In a state before puncturing with the medicinal solution administration device 10, the relationship between the plunger 82 and the locking pin 44 is as illustrated in FIG. 7. The locking pin 44 is inserted into the interior of the flexible portions 86 of the plunger 82, and the flexible portions 86 are restricted from tilting inward by the locking pin 44. In other words, the flexible portions 86 cannot tilt inward. The brims 96 of the flexible portions 86 are engaged with the protrusions 38 of the sleeve body 22, which prevents the plunger 82 from moving in the distal direction.

As illustrated in FIG. 23, the patient holds the casing 12 of the medicinal solution administration device 10 and presses the distal end of the needle cover 14 protruding from the distal end of the casing 12 against the skin S, or a desired puncture site, in such a manner that the distal end of the needle cover 14 is substantially perpendicular to the skin S. In this instance, the distal side and the proximal side of the medicinal solution administration device 10 are in states illustrated in FIGS. 24 and 25, respectively. Next, as illustrated in FIGS. 26 and 27, the casing 12 is continuously pushed against the skin S (distal side, direction of arrow B). With the casing 12 being pushed against the skin S, the skin S pushes the needle cover 14, whereby the needle cover 14 moves relative to the casing 12 in the proximal direction against an elastic force of the sleeve spring 42. FIGS. 26 and 27 illustrate a state in which a needle tip of the puncture needle 126 has just started to touch the skin S.

With the casing 12 further pushed against the skin S, the puncture needle 126 of the syringe 16 protrudes from the hole 14a of the needle cover 14 toward the distal side (direction of arrow B) as illustrated in FIGS. 28 and 30. Accordingly, the state is changed to a puncture completed state in which the puncture needle 126 pierces the skin S and is inserted to a predetermined depth.
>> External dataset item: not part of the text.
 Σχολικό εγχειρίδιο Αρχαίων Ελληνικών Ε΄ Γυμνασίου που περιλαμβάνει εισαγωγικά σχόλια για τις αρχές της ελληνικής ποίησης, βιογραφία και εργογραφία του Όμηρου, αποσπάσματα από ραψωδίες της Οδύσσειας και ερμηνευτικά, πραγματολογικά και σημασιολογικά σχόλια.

In the puncture completed state, the distal end of the cylinder 20 is substantially at the same position as the distal end of the needle cover 14.
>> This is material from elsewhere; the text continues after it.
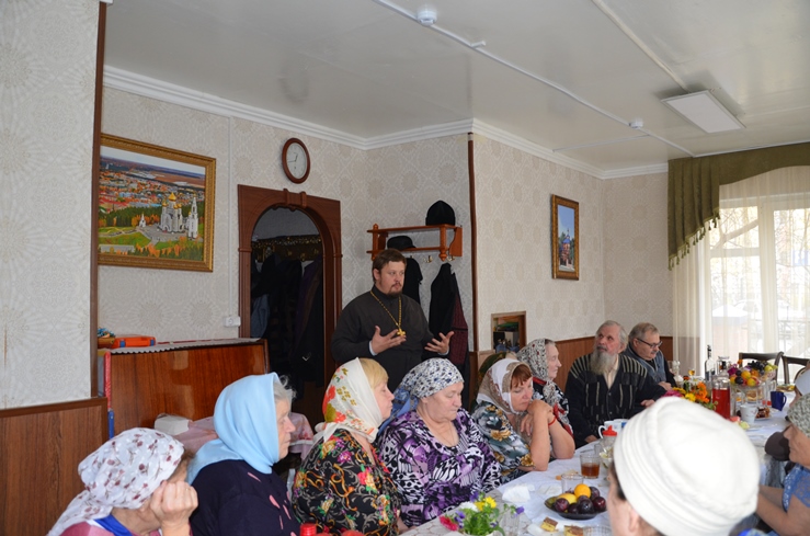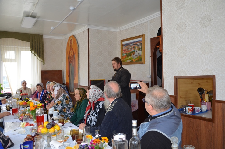 Теплыми словами к присутствующим (27 человек) и со словами благодарности к настоятелю обратилась Татьяна Константиновна Баженова, ныне педагог воскресной школы при храме; алтарники  храма Николай Захарович Косыгин и Олег Васильевич Вторушин.

The ribs 119a of the needle cover 14 are in contact with the distal end of the sliding member 64. Therefore, in the process of state change from FIG. 23 to FIG. 28, along with the movement of the needle cover 14 in the proximal direction relative to the casing 12 as described above, the sliding member 64 moves in the proximal direction relative to the casing 12. As illustrated in FIGS. 27 and 29, with the movement of the sliding member 64 in the proximal direction, the distal ends of the slits 641 of the sliding member 64 push the engaging ends 60 disposed on the distal ends of the arms 48 of the locking pin 44 in the proximal direction, whereby the locking pin 44 also moves in the proximal direction relative to the casing 12.

With the movement of the locking pin 44 in the proximal direction (direction of arrow A) relative to the casing 12, the small diameter portion 54 of the locking pin 44 is separated from the interior of the flexible portions 86 of the plunger 82 in the proximal direction (direction of arrow A) as illustrated in FIG. 31. Accordingly, the locked state of the plunger 82 by the locking pin 44 is released, and the plunger 82 starts moving in the distal direction (direction of arrow B) by an elastic force of the injection spring 58.

When the plunger 82 starts moving in the distal direction from the state illustrated in FIG. 31, the four brims 96 are pushed radially inward by the contact between the tapered distal surfaces and the protrusions 38. Accordingly, the flexible portions 86 tilt radially inward from the pin main structure 46. As illustrated in FIGS. 32 and 33, when the plunger 82 further moves in the distal direction, the brims 96 pass over the protrusions 38 in the distal direction.

When the brims 96 of the plunger 82 pass over the protrusions 38, the brims 96 are displaced radially inward, and then, expand radially outward again by an elastic restoring force of the flexible portions 86, and outer edge portions come into contact with the inner periphery of the body main structure 30. The outside diameter D1 of the brims 96 is slightly larger than the inside diameter D2 of the body main structure 30 (see FIG. 7). Accordingly, when the brims 96 come into contact with the body main structure 30, a first notification sound, or a sound of contact (click), is generated.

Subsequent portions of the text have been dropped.